Title: mRNA isoforms in the maize endophyte/pathogen Fusarium verticillioides: And a little story about KP4 Author
Submitted to: Meeting Abstract
Publication Type: Abstract Only
Publication Acceptance Date: June 6, 2008
Publication Date: June 6, 2008
Citation: Brown, D.W. 2008. mRNA Isoforms in the Maize Endophyte/pathogen Fusarium verticillioides: And a Little Story about KP4 [abstract]. University of Munster, International Graduate School, Munster, Germany. p. 3. Technical Abstract: The filamentous fungus Fusarium verticillioides is a pathogen and endophyte of maize. At some stages of its life, it may synthesize a family of mycotoxins called fumonisins that may contaminate maize products. Ingestion of fumonisin is linked to a variety of animal diseases including cancer in some animals and can lead to substantial losses to farmers each year. The transcriptional and posttranscriptional regulatory mechanisms controlling fungal pathogenesis and toxin production are poorly understood. Analysis of over 87,000 F. verticillioides ESTs identified a total of 578 genes with one or more different mRNA splice forms and is equivalent to 6.3% of the genes represented. The most common isoforms found correspond to alternatively spliced transcripts.

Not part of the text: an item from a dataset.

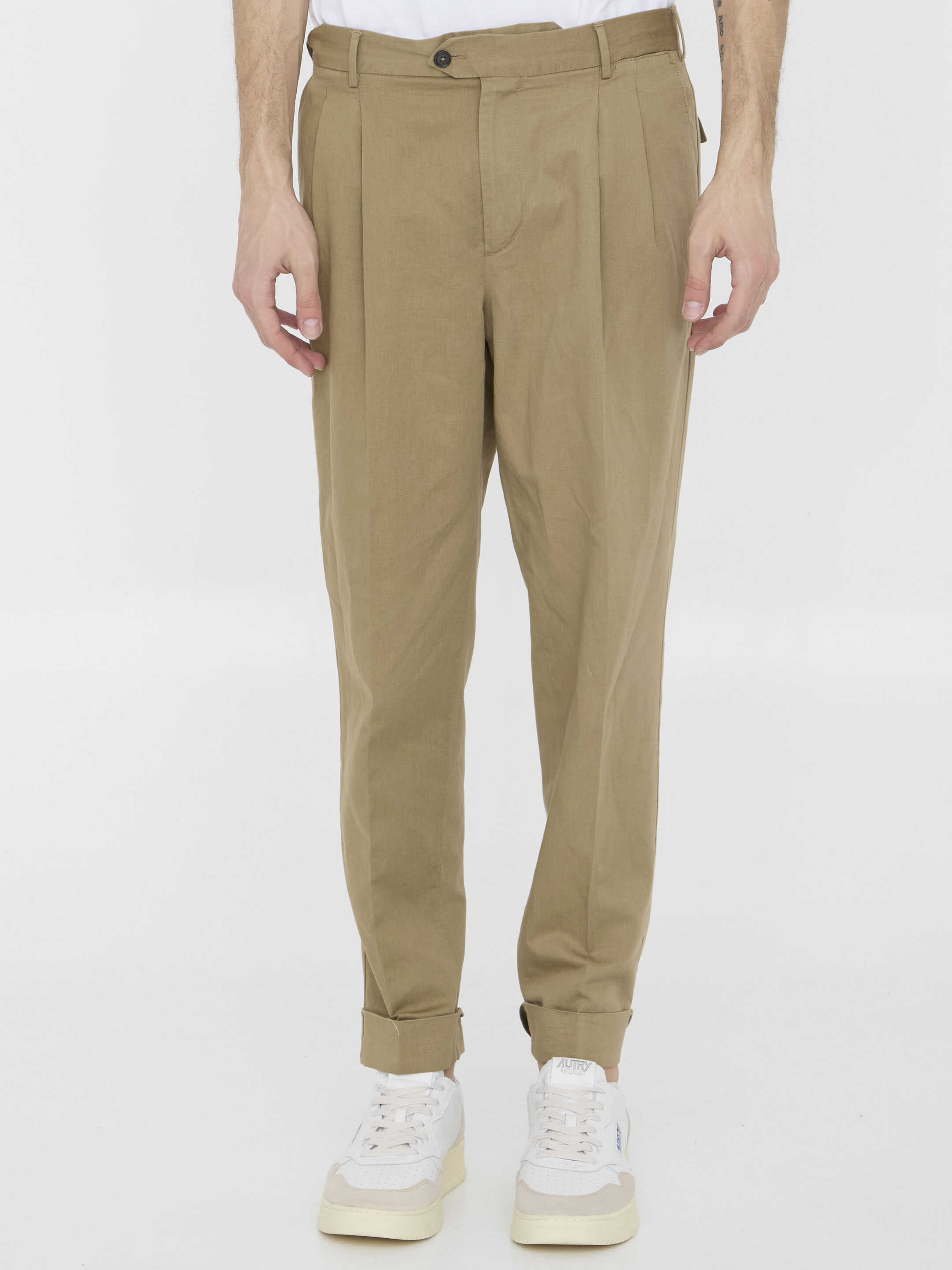 Straight-leg trousers in beige cotton and linen. It features zip and button closure, two side welt pockets, two rear buttoned flap pockets, belt loops and cuffed hem. Regular fit.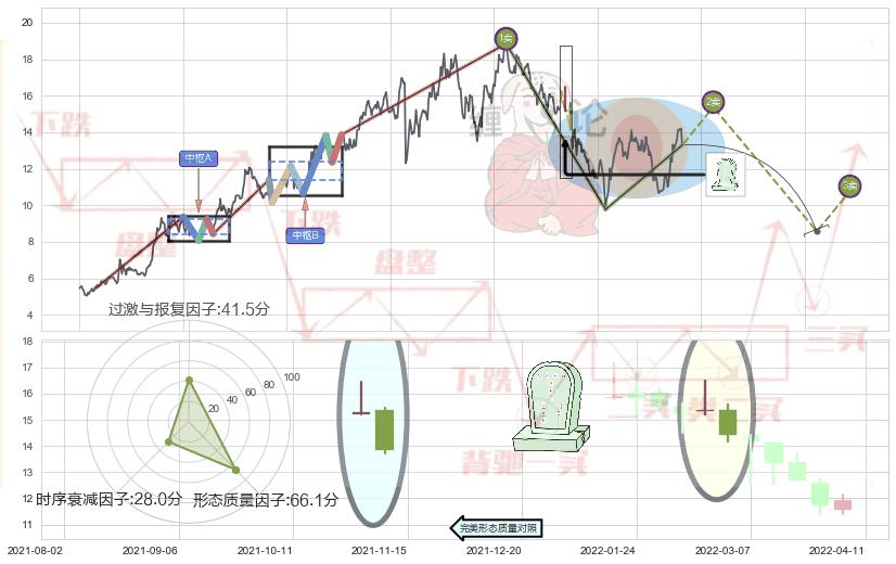 ➢ 缠论买卖点2卖回调下跌至3卖 🔜 波浪理论击穿破位C点继续下跌 综合量化分数:46.95 【中性】

This presentation will describe efforts to catalogue the different forms and understand the functional impact the different forms have on protein synthesis. Alternative splicing (AS) in higher eukaryotes play a critical role in expanding gene function by increasing protein diversity and by affecting mRNA stability. The percentage of genes with ASFs in Fusarium and the ratio of different ASFs is substantially different than that found in mammals and plants. Preliminary analysis of predicted open reading frames found that 28% of the AS events could generate altered proteins while 54% introduce frame shifts or stop codons and 16% were in 5’ or 3’ non-coding sequences. Analysis of the Fusarium transcriptome indicate a complexity previously not described and the continued study of ASFs and their possible function will aid our understanding of fungal gene regulation. The presentation will conclude with a description of one ASF that shared significant similarity with antifungal genes originally characterized from a virus that infects Ustilago maydis.